== INSTRUCTIONS TO FOLLOW ==
Copy exactly the lines of the material below that fall between the line with "Situatietekening kavel 144" and the line with "Будинок Музейного центру", both of those lines included; pictures stay out.

== SOURCE MATERIAL ==

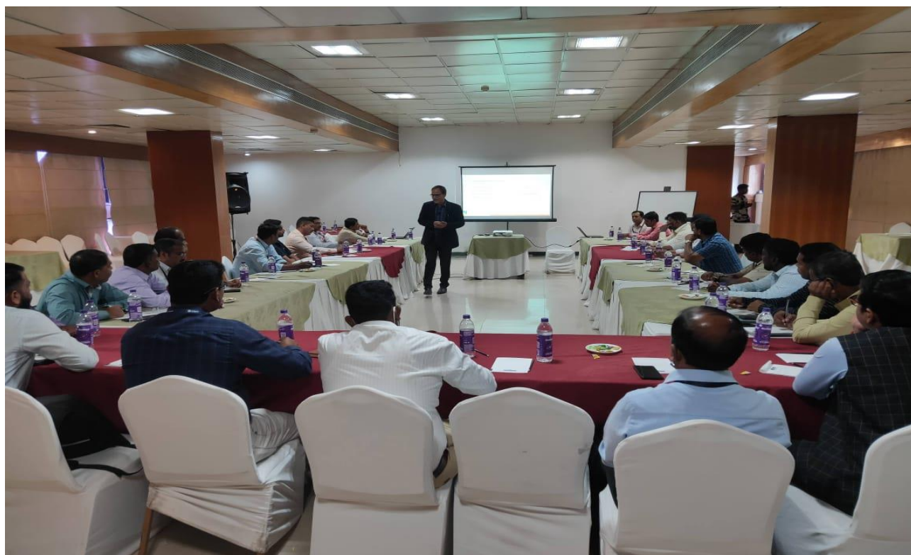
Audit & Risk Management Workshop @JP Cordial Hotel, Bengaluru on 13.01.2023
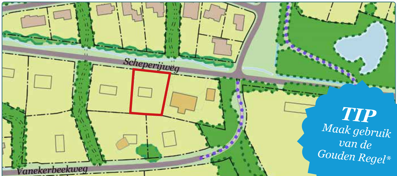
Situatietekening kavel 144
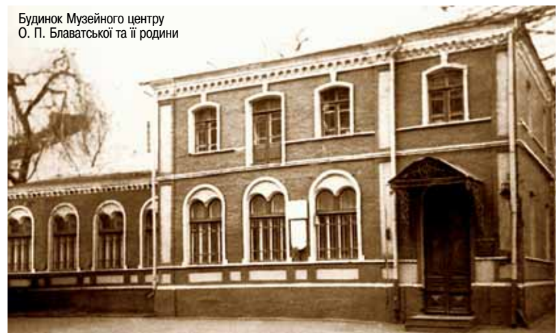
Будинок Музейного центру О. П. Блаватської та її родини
* * *
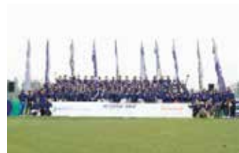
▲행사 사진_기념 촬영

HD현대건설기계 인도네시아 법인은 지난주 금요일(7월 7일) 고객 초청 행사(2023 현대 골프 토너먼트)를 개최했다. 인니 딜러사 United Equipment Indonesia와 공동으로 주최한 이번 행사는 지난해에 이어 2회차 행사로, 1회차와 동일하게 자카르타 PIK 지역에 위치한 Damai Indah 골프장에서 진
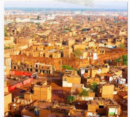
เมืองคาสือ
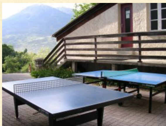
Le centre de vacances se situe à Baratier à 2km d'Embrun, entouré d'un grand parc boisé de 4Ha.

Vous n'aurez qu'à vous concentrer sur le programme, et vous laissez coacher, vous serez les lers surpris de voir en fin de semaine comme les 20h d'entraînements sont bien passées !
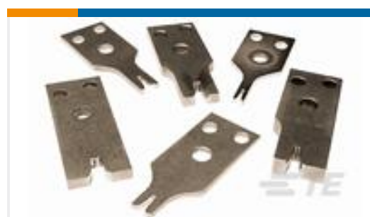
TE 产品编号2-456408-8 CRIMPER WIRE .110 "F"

== ANSWER SPACE ==
Situatietekening kavel 144
Будинок Музейного центру О. П. Блаватської та її родини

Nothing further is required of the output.